Den Namen »Supertramp« hatte eines der Boulevardblätter kreiert. Inzwischen hatten die Revolverblätter aber auch die Sex-auf-den-Kirchenstufen-Geschichte ausgegraben und sogar ein Archivfoto von Dezzi aufgegabelt. Siobhan wusste, dass die Geier schon unterwegs waren, um Dezzi weitere schmierige Details zu entlocken. Möglich, dass Dezzi ihnen sogar von der Aktentasche erzählen würde. Scheckbuchjournalismus im strikten Sinne kam in diesem Fall allerdings nicht in Frage – nicht solange Dezzi kein eigenes Konto hatte. Also blieb wahrscheinlich nur eine Alternative: Bargeldjournalismus. Möglicherweise hatten die Reporter auch schon mit Rachel Drew gesprochen. Auch sie würde einen Scheck gewiss nicht ablehnen. Noch ein paar Schmankerl für die verehrte Leserschaft und Futter für die Durchgeknallten und die Geldgeilen.
So lange die Medien über den Fall berichteten, musste sie jedenfalls mit immer neuen Briefen und Anrufen rechnen.

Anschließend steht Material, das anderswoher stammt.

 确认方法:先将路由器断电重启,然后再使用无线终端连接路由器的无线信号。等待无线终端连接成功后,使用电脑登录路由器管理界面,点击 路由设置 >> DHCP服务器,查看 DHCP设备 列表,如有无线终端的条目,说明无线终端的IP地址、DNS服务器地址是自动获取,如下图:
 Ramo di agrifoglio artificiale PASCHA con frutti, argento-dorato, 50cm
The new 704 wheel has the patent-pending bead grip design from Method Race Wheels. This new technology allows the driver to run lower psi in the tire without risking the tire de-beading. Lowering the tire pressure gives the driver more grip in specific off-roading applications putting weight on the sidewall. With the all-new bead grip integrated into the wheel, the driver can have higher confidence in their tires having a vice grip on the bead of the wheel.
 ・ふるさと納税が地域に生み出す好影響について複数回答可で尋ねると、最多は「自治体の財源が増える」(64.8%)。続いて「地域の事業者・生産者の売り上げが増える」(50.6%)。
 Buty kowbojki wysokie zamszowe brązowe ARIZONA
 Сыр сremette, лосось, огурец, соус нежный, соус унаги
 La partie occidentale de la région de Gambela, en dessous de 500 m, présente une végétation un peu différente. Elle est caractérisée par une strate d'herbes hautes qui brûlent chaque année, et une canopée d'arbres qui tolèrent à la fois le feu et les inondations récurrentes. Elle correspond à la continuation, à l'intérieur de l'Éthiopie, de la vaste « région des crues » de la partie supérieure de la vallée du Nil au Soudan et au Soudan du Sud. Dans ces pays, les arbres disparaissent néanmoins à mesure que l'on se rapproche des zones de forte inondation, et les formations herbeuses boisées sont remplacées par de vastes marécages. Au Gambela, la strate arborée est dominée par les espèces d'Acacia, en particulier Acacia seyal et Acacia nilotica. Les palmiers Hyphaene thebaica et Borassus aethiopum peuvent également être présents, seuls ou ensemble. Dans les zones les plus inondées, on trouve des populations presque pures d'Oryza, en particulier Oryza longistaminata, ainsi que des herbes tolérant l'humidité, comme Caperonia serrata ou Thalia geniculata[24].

Sie erhob sich von ihrem Schreibtisch und streckte sich, bis ihre Wirbel knackten. Es war schon nach sechs, und die Kollegen waren längst nach Hause gegangen. Man hatte sie in ein anderes Zimmer verfrachtet – der Grieve-Mord hatte natürlich Priorität –, und ihr Schreibtisch stand jetzt in einem langen schmalen Schlauch in der hintersten Ecke. Das nächste Fenster war etliche Meter entfernt. Dabei konnte sie noch von Glück sagen: Hood und Wylie hatte es noch schlimmer erwischt. Die Bude, in der sie augenblicklich hausten, hatte nämlich nicht einmal ein Fenster. Erst vor ein paar Stunden hatte der Hauptkommissar mit ihr gesprochen. Das Ergebnis: Ihr blieben nur noch wenige Tage Zeit. Sollte es ihr bis dahin nicht gelingen, den Supertramp zu identifizieren, dann war Schluss. Unter diesen Umständen würde die öffentliche Hand das Geld einschieben und Mackies Selbstmord mitsamt der ganzen Vorgeschichte blieb ungeklärt.